経済 | 神奈川新聞 | 2015年4月4日(土) 03:00

地図上に取引先や営業担当者の位置を表示する業務支援システム。スマートフォンやタブレット端末で出先からも操作できる=横浜市西区
地図上に取引先や営業担当者の位置を表示する業務支援システム。スマートフォンやタブレット端末で出先からも操作できる=横浜市西区

 営業効率化を支援する視点から、衛星利用測位システム(GPS)機能を活用し、社員の位置情報を把握するサービスの提供が広まっている。労使ともにメリットがある一方、慎重な運用が求められる側面もありそうだ。

 2013年からGPSを活用した営業支援システムを本格的に売り出し、大手を含め100社以上で導入実績があるオークニー(横浜市西区)。システム上の地図に営業先や顧客情報を表示し、スマートフォンなどで社外から閲覧できる。

 社員の位置情報を把握する利点を、森亮社長(52)は「営業先で成果が上がらず空振りした際も、次のチャンスを見つけやすい」と説明する。成果がないまま帰社すれば交通費や労働力が無駄になる。が、居場所が分かれば、地図表示された近隣の営業先を回るなど会社は新たな指示を出せる。

 保守点検の企業では、顧客からの急な呼び出しやクレームの場合も「現場近くにいる従業員を素早く見つけ、初動対応や追加の応援に対応できる」。さらに「この会社はもう一押し」「鍵となる担当者はこの人」といった情報を地図上に残し共有することで、「担当者が病気や転職でいなくなってもダメージを少なくできる」という。

 位置情報を会社に知られることに抵抗感がある人もいる。同社システムの場合、社員自らが居場所を申告するチェック・イン制をとるため、GPSは申告の操作をしなければ働かない。

 「ポケットベルや携帯電話が登場した当初も、プライバシーを侵すのではと危惧されたが、ビジネスの分野で当然のように普及した。GPSも、より生産性を高められるという前向きな理解が広がれば」と森社長。

 同様のシステムを提案しているレッドフォックス(東京都新宿区)は「働く人のワークライフバランスにも役立てられる」と説明する。端末上でタイムカードを切る出退勤管理の機能なども備え、「出社や帰社の必要がなく、業務時間が終われば直帰する働き方もできるようになる」と担当者。

 位置情報を正確につかめるGPSならではの機能として、営業時に携帯端末を持ち歩くだけで、移動ルートから電車交通費を自動計算する機能もあり、「交通費の申請作業で、営業に回せるはずの時間を削られずに済む」などと好評。会社側としても移動ルートが参照できるため、交通費の不正請求をなくせる利点がある。

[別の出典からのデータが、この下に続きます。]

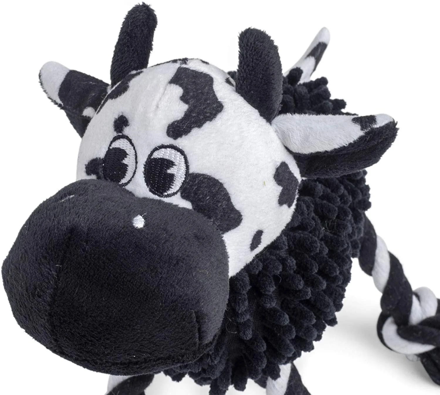- Soft textured plush toy with rope cord legs
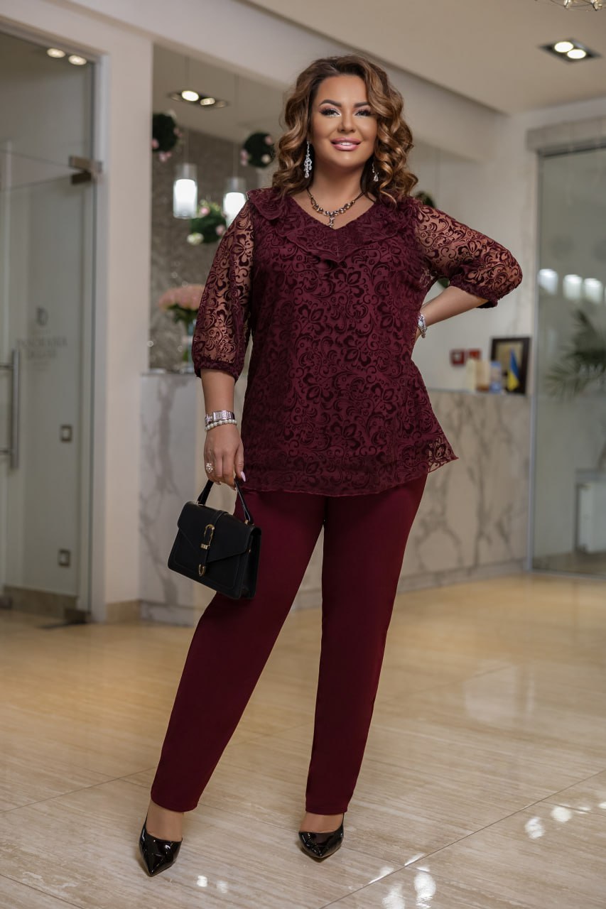 Додаткові характеристики: Вишуканий костюм для справжньої леді, що поєднує в собі елегантність та сучасний стиль. Цей костюм підійде для будь-яких заходів: від офісних буднів до світських виходів. Комплект призначений як для ошатного, так і для повсякденного носіння. . Рукав втачний, вільний 3/4. Штани злегка звужені донизу. Прекрасний вибір для вашого образу, який поєднує в собі красу та зручність. На моделі одягнений: 50-52 розмір. Параметри моделі на момент зйомки: ОГ- 109 см. ОБ- 114 см.
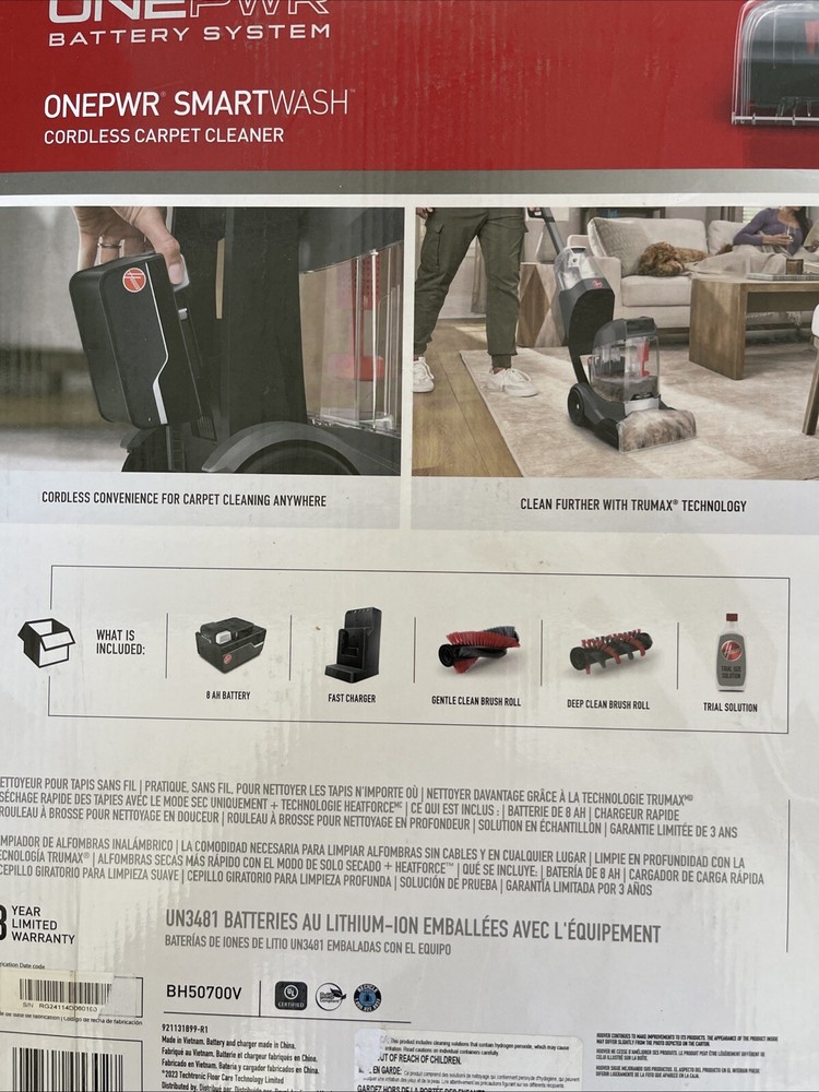 This Hoover carpet cleaner is a game-changer! The SmartWash system makes deep cleaning effortless, and the included battery and charger add so much convenience. It arrived fast, brand new in the box, and works like a dream—powerful suction, easy to maneuver, and leaves carpets looking fresh. Perfect for pet owners or high-traffic areas. Highly recommend!
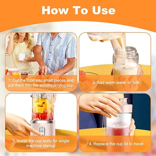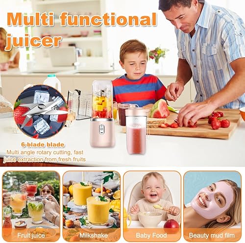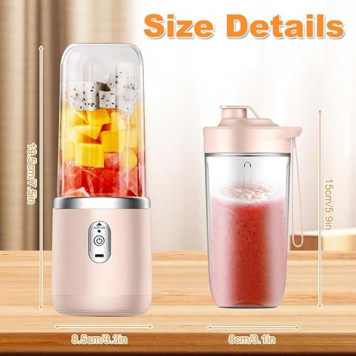 CLIUNT Portable Smoothie Maker, 400ML Smoothie Mixer avec Tasses, Rechargeable Mini Blender Smoothie avec 6 Lames, pour la Préparation de Milk-Shakes, jus de Fruits, Smoothies
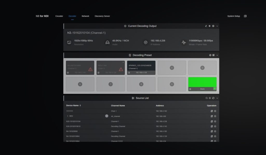 When decoding NDI sources, with Kiloview unique technology, there will be no lag when switching the output NDI videos.
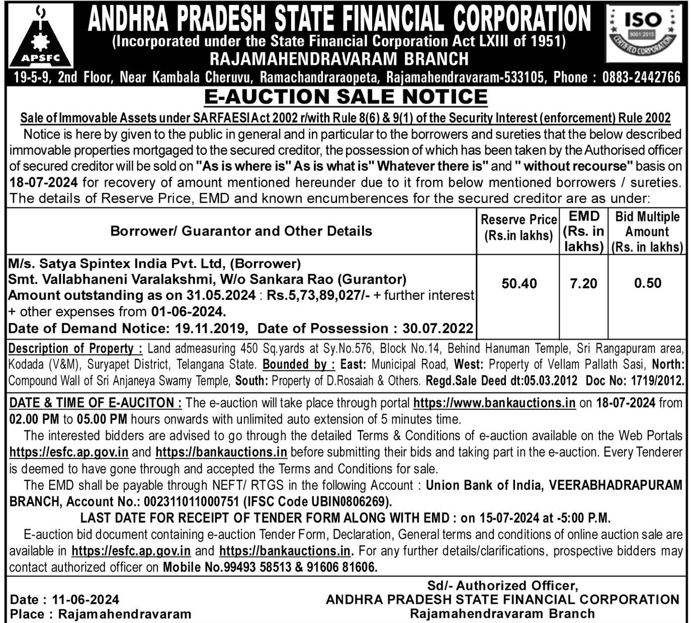 | Inspection Details: | For property inspection: Contact The Authorized Officer: Ph No: 99493 58513, 91606 81606 |

 一方、運用面で「注意すべき点もある」と語るのは労使関係法制に詳しい成蹊大学法律学科の原昌登教授。GPSで社員の居場所を把握することは「ただちに法的問題は生じない」としつつも、「“監視”されるプレッシャーから法で定められた休憩時間を労働者が取りづらく感じたり、必要以上に急いで行動してミスや事故につながるリスクへの対処も重要」と警鐘を鳴らす。そのため、「会社は社員が安心して働けるための配慮として、目的を事前に丁寧に説明したり、必要な情報開示をしたりといった工夫が必要ではないか」としている。